Part one of the novel, Picking Cotton, is written through the eyes of Jennifer, a college student with a 4.0 grade point average and knew exactly what she was going to do with her life and when she was going to do it. However, when Jennifer was raped at knifepoint by a black man, her whole world turned upside down. It was as if her life was decomposing and no one felt sympathy for her. She had to drop out of school, she lost he boyfriend, her family didn't want to talk about it, and she couldn't express her feelings. She felt like a baby as her younger sister had to care for her. She felt as if someone was watching her constantly and started to go crazy. I began to feel very bad for Jennifer as she struggled to continue living her life as if nothing had happened. Everyone expected her to get over it, but she couldn't do it. She couldn't feel at ease until the person who had attacked her was behind bars. When she finally had the chance to pick the attacker out of a line-up of seven black men, she chose Ronald Cotton.

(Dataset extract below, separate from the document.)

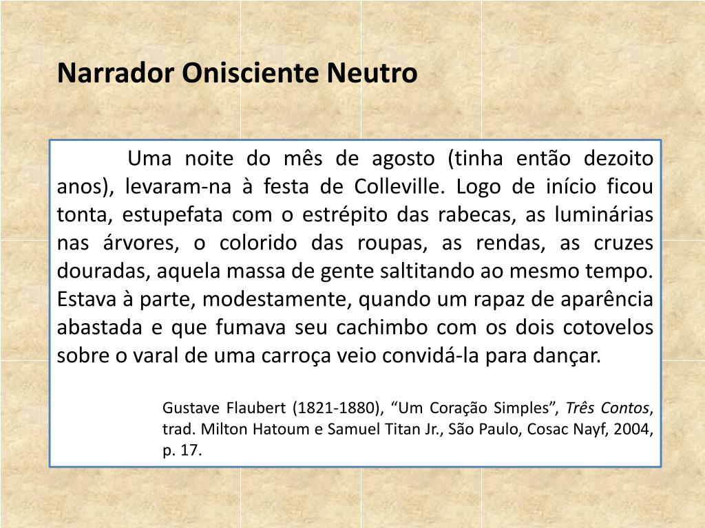 Narrador Onisciente Neutro • Uma noite do mês de agosto (tinha então dezoito anos), levaram-na à festa de Colleville. Logo de início ficou tonta, estupefata com o estrépito das rabecas, as luminárias nas árvores, o colorido das roupas, as rendas, as cruzes douradas, aquela massa de gente saltitando ao mesmo tempo. Estava à parte, modestamente, quando um rapaz de aparência abastada e que fumava seu cachimbo com os dois cotovelos sobre o varal de uma carroça veio convidá-la para dançar. • Gustave Flaubert (1821-1880), “Um Coração Simples”, Três Contos, trad. Milton Hatoum e Samuel Titan Jr., São Paulo, Cosac Nayf, 2004, p. 17.

 I knew she had chosen wrong, though, because of the Prologue. In the prologue, Ronald and Jennifer were at Jennifer's daughter's soccer game and when one of the soccer moms asked how they knew each other, the text stated, "What they don't say is that about twenty-two years ago, Jennifer sat in a jailhouse just five miles down the interstate, ... and picked Ronald Cotton as the man who had brutally raped her eleven days before." This gave me a clue about the fact the Ronald was actually innocent. Also, the book is dedicated to all the wrongful convictions made, so in the story as she was choosing Ronald, I wanted to yell at her not to pick him. With this knowledge in the back of my mind, Ronald was ruled guilty at the trial. Reading Ronald getting charged and knowing he was innocent was like watching a horror movie and the main character going into the basement. You know there is nothing you can do, and all you can do is watch in horror. Part one ends in Jennifer and her family celebrating, but I think that Ronald's family was doing quite the opposite.